GIVEN MATERIAL

########

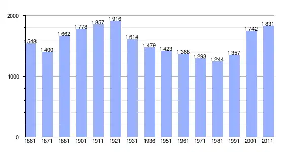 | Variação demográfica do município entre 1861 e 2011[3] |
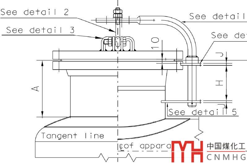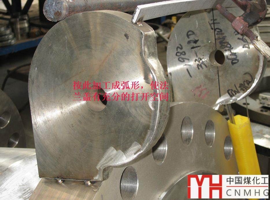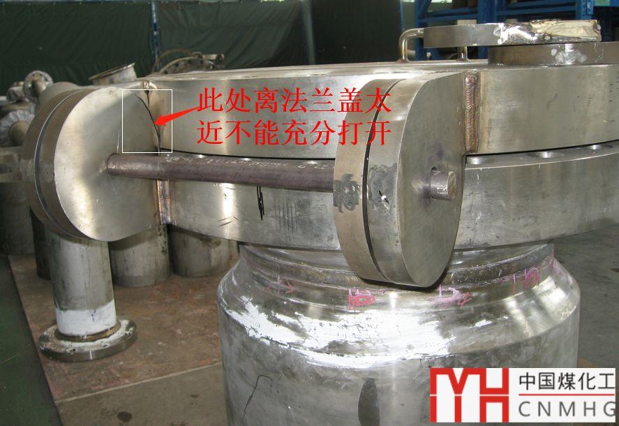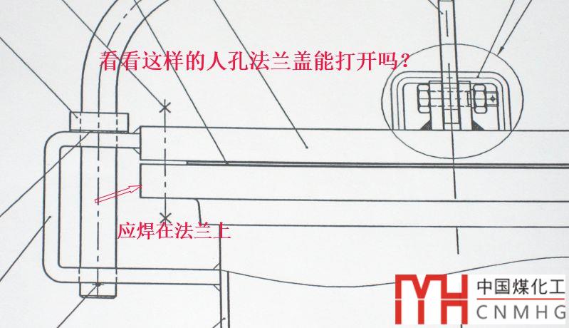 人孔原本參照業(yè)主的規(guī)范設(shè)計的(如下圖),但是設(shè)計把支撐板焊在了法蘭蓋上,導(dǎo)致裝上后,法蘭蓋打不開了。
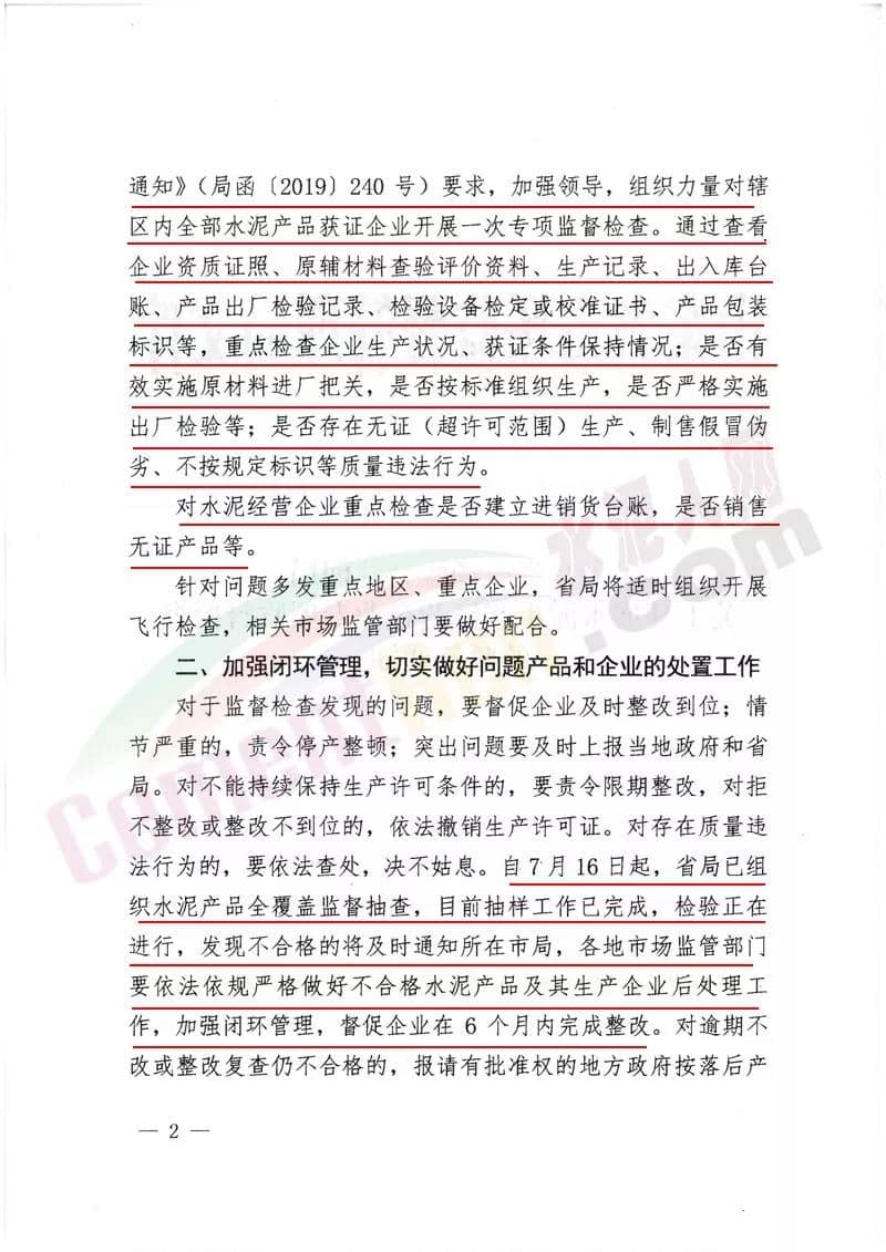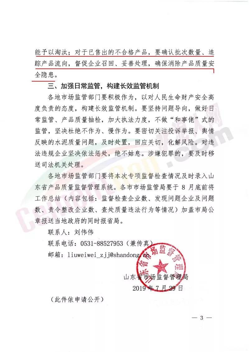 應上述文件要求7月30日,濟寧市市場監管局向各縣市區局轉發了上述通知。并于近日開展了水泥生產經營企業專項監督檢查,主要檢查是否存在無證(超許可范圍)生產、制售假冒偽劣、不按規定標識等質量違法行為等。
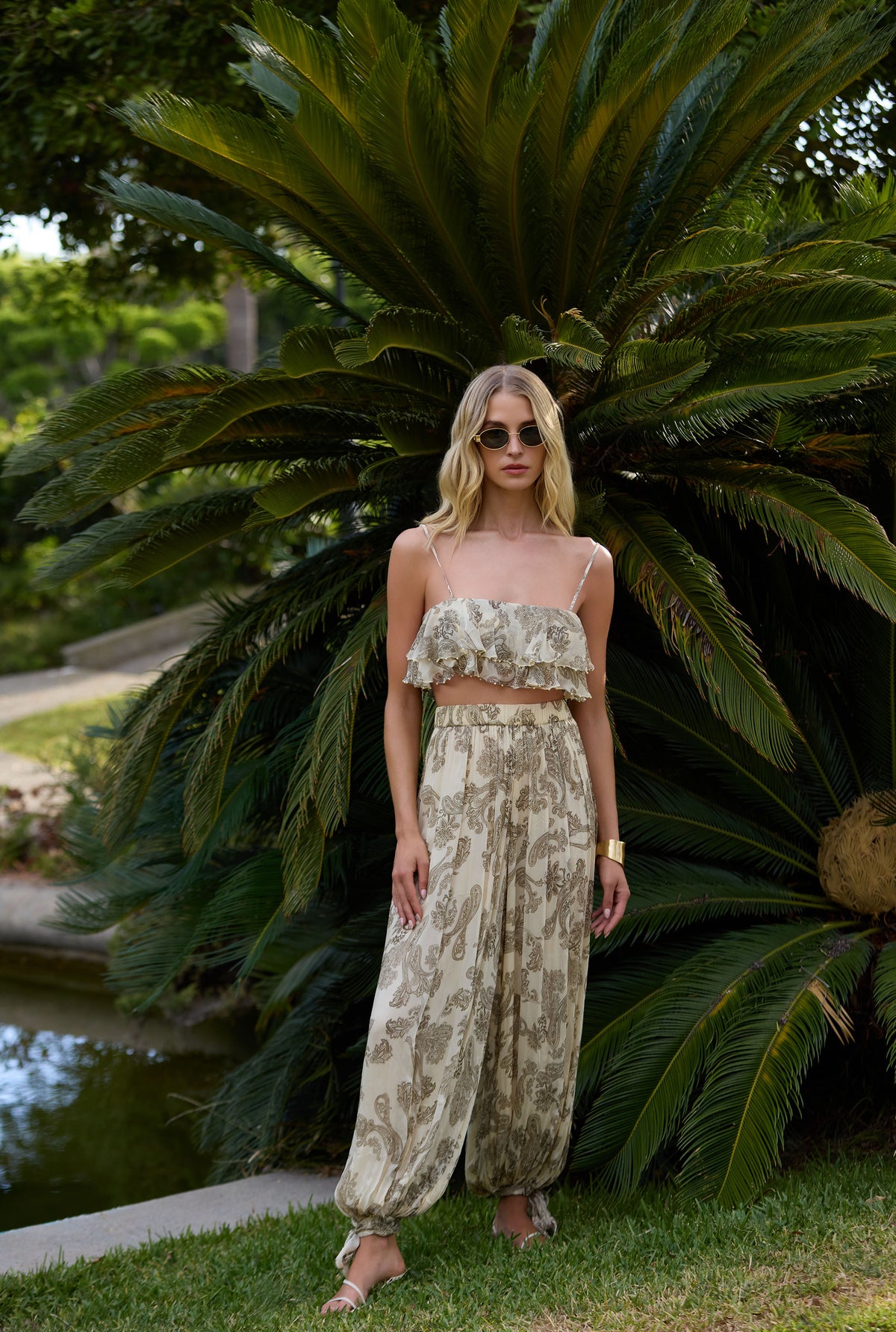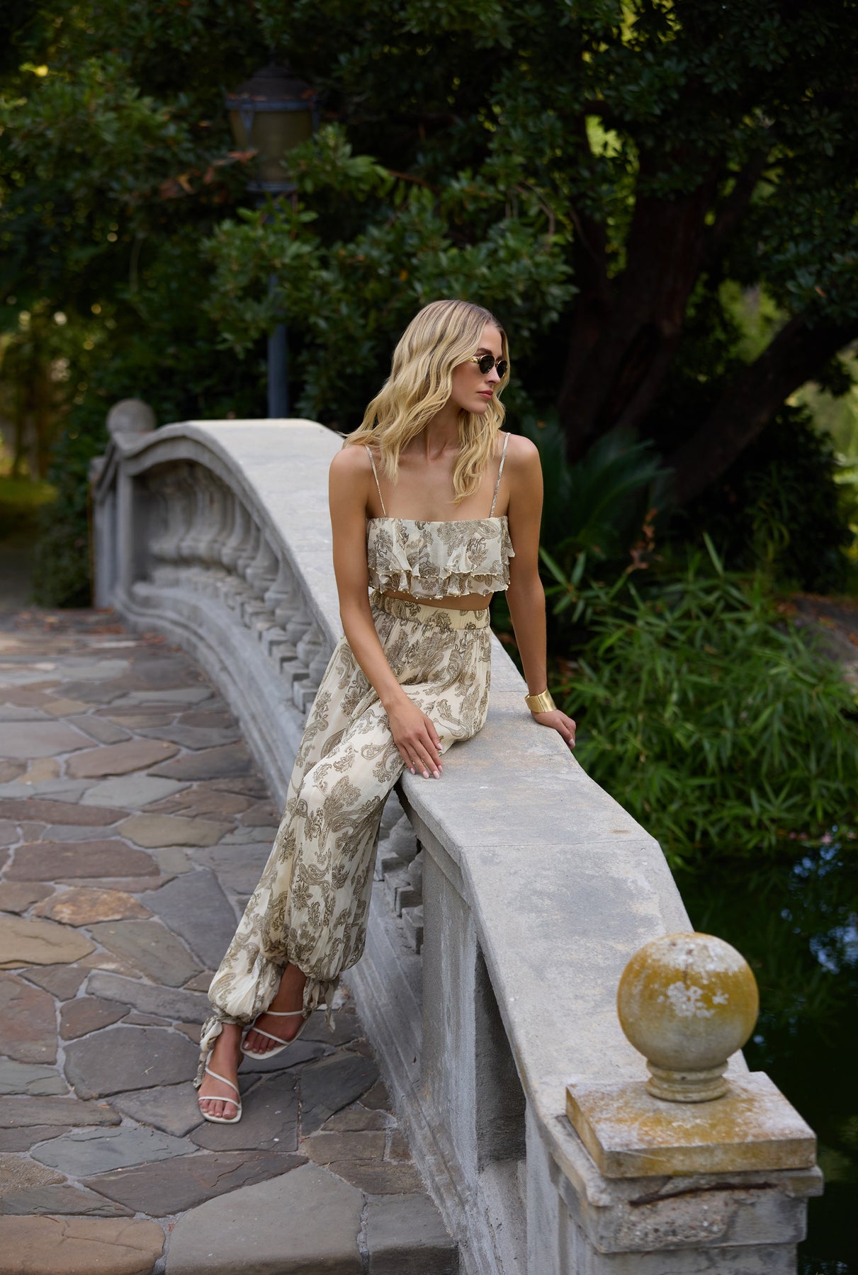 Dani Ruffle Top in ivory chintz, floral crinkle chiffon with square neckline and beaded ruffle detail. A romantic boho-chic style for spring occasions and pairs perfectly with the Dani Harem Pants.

########

Restate word for word the lines of the data above that begin at the line with "人孔原本參照業(yè)主的規" and end at the line with "應上述文件要求7月30日,濟", keeping both ends and dropping every picture.

 人孔原本參照業(yè)主的規(guī)范設(shè)計的(如下圖),但是設(shè)計把支撐板焊在了法蘭蓋上,導(dǎo)致裝上后,法蘭蓋打不開了。
 應上述文件要求7月30日,濟寧市市場監管局向各縣市區局轉發了上述通知。并于近日開展了水泥生產經營企業專項監督檢查,主要檢查是否存在無證(超許可范圍)生產、制售假冒偽劣、不按規定標識等質量違法行為等。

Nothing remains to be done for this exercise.